In recent articles we have discussed the insolvency of Illinois and the reality that the U.S. is in a similar sinking boat, in a larger ocean of debt and consequence. Catherine Austin Fitts, a renowned financial expert, spoke to these issues and called for the dissolution of our current system in her latest interview with Greg Hunter of USAWatchdog.

“We have built an infrastructure that doesn’t make economic sense, and we are going to have to change” Fitts said. “What’s happening in state and local budgets is the same thing that is happening in health care. It’s the same thing happening in all these different areas, which is [that] we have engineered government investment to prop up the stock market.”

Fitts went on to say, “The problem is, to get that rise in the equity markets, we’ve ended up pumping out enormous amounts of government debt and government money in a way that has a negative return for taxpayers.

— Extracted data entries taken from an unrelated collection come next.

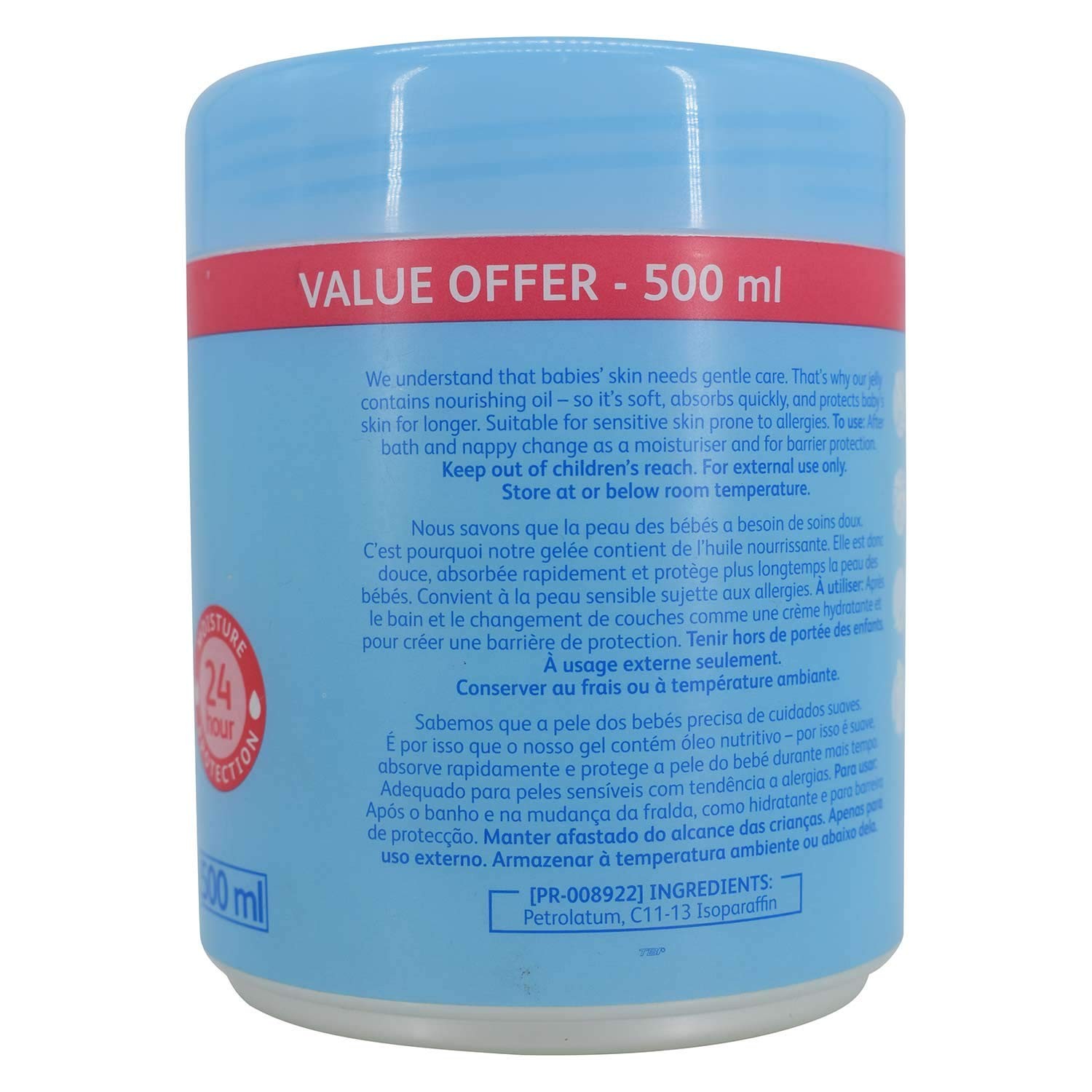 Johnson's Baby Jelly Fragrance-Free 500ml is a gentle and moisturizing petroleum jelly designed to protect your baby's delicate skin. It helps prevent dryness by locking in moisture, keeping the skin soft and smooth. This fragrance-free formula is ideal for sensitive skin, reducing the risk of irritation. It can be used to soothe dry patches, provide a protective barrier against wetness, and help prevent diaper rash. Dermatologically tested, hypoallergenic, and safe for daily use.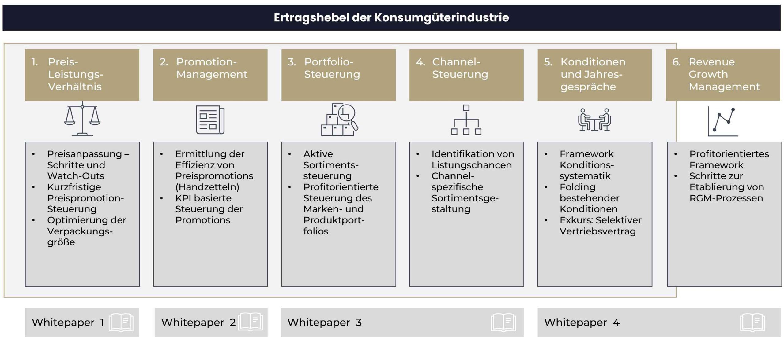 - Im dritten Teil unserer Whitepaper-Reihe gehen wir auf Ertragshebel ein, die aus dem Produkt- und Kanalmix der Konsumgüterunternehmen entstehen. Wie werden die Potenziale identifiziert und gehoben?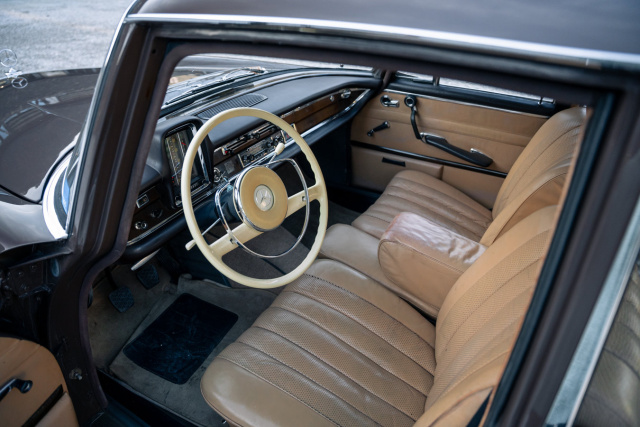 Die Kombination aus Tabakbraun mit beigem Leder lässt den 220 Sb elegant und zeitlos erscheinen. Laut HK-Engineering soll sich das komplette Interieur noch im Originalzustand befinden. Die Bremsanlage der Flosse wurde soeben erst erneuert.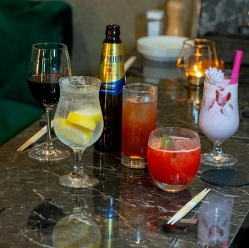 バラエティ豊かなドリンクメニューをご用意しております。フルーツをたっぷり使ったカクテルや、見た目にも美しいスムージーなど、どなたでも楽しめる飲み物が揃っています。デートや女子会などの特別なシーンにぴったりですので、おしゃれな空間で、素敵なひとときを存分にお楽しみください。
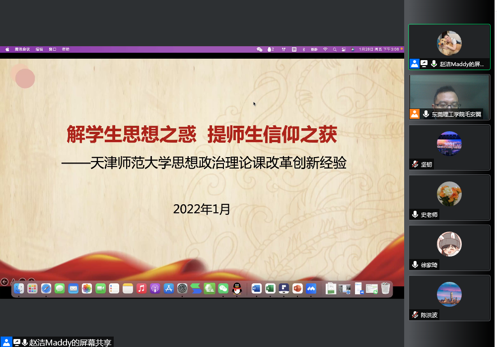 1月28日下午,太阳城娱乐基础和概论教师党支部开展“深化课堂教学改革,提升课程育人质量”主题党日活动。活动由支部书记毛安翼主持,支部党员赵洁同志为大家做主题分享。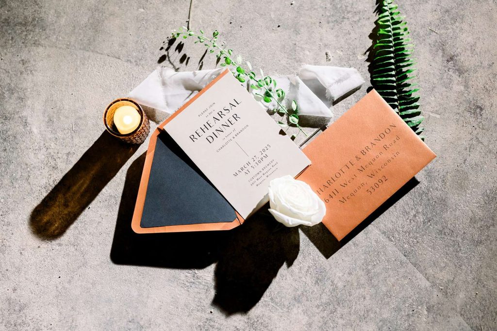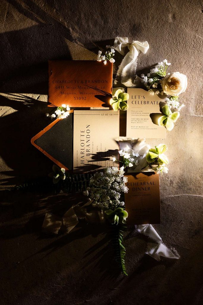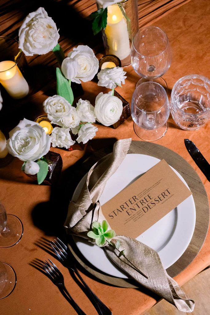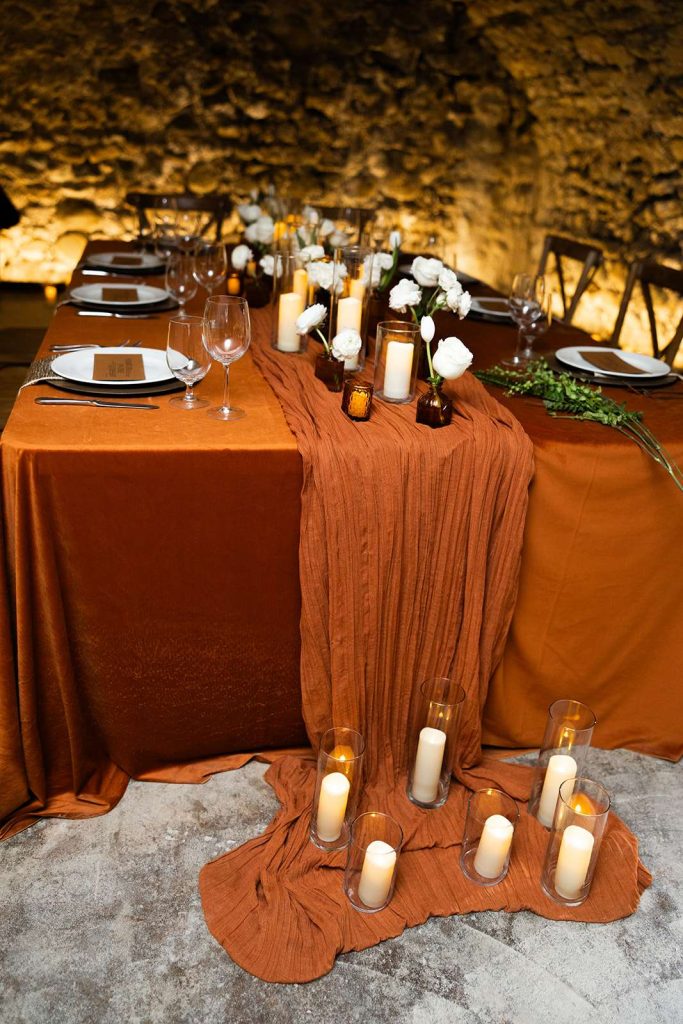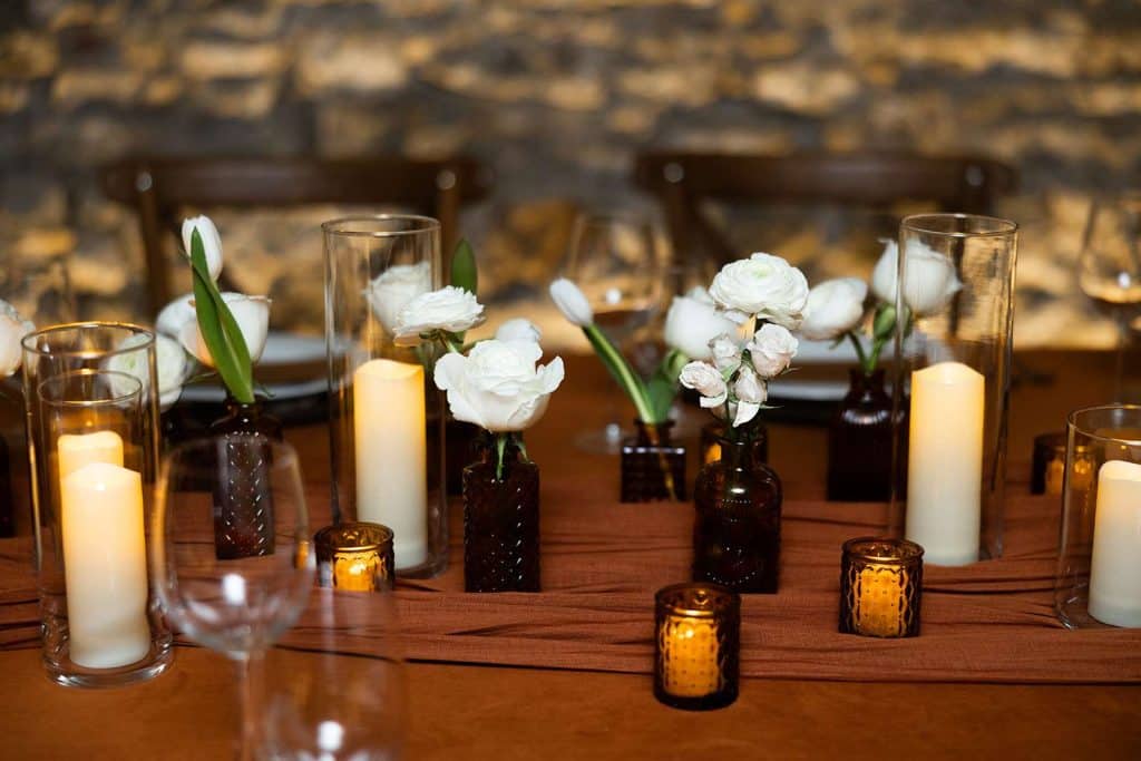 Next, the team ventured into the historic Foxtown Brewing Caves, where flickering candlelight and rich, warm tones created a moody, intimate atmosphere. The stone walls glowed in the warm light, highlighting single stem bud vases and rust linens. With a nod to old-world charm, the setting was perfect for couples seeking a deeply romantic celebration. Gowns and menswear from Bliss Bridal and DuBois Formalwear.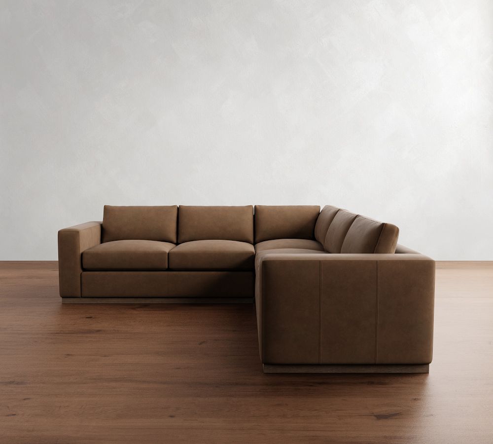 Carmel Wide Arm Leather Wood Base 3-Piece L-Shaped Sectional (113")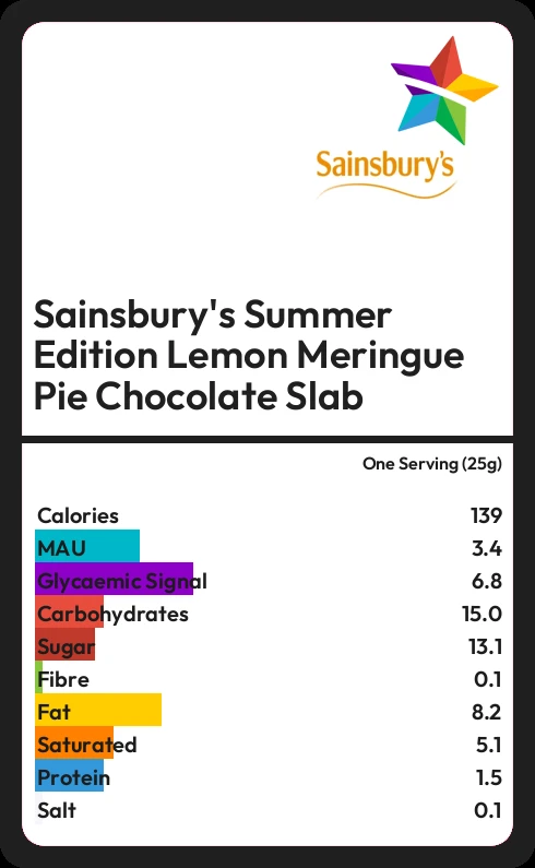 Sainsbury's Summer Edition Lemon Meringue Pie Chocolate Slab contains 13.1g sugar in one Serving (25g) - that is around 3 cubes of sugar.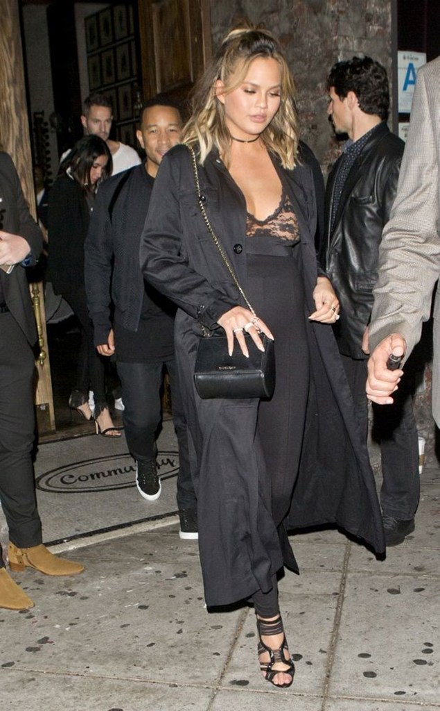 Η 30χρονη καλλονή απαθανατίστηκε την ώρα που έβγαινε από το μαγαζί «Νο Νame», με τους παπαράτσι να εστιάζουν στο… nip slip της. Τι συνέβη; Η Chrissy επέλεξε παρά την προχωρημένη της εγκυμοσύνη ένα πολύ σέξι outfit, φορώντας ένα μαύρο ολόσωμο κορμάκι με δαντελένιο διάφανο μπούστο, χωρίς σουτιέν από μέσα.

It’s not sustainable, and the game is up. … I’ve been telling you for 15 years we were going to have a slow burn. I am telling you that’s over, and we are now into controlled demolition.”

There is no doubt that a crash is imminent, the only uncertainty is when we will see it.

“I think it’s more likely to happen in 2018,” said Fitts.  “If you look at the stock market, we are way — and I am tired of saying this — we are way, way overdue for a major correction.  If we get this major correction, that is perfectly natural, you don’t want to misinterpret that as a major crisis or event.  I think we are way overdue for a major correction, and I give that a reasonable chance between now and November. If it doesn’t happen this year, it’s definitely going to happen next year.”

In light of this assessment, I want to stress the importance of including precious metals into your and your clients’ investment portfolios. When the correction occurs, gold and silver will be the measuring stick, as they are true stores of value. Including them into portfolios provides what we refer to as “wealth insurance”. As a counter balance to a market on the verge of a correction, gold and silver will act like an insurance policy to the rest of your or your clients’ wealth, offsetting devastating loss.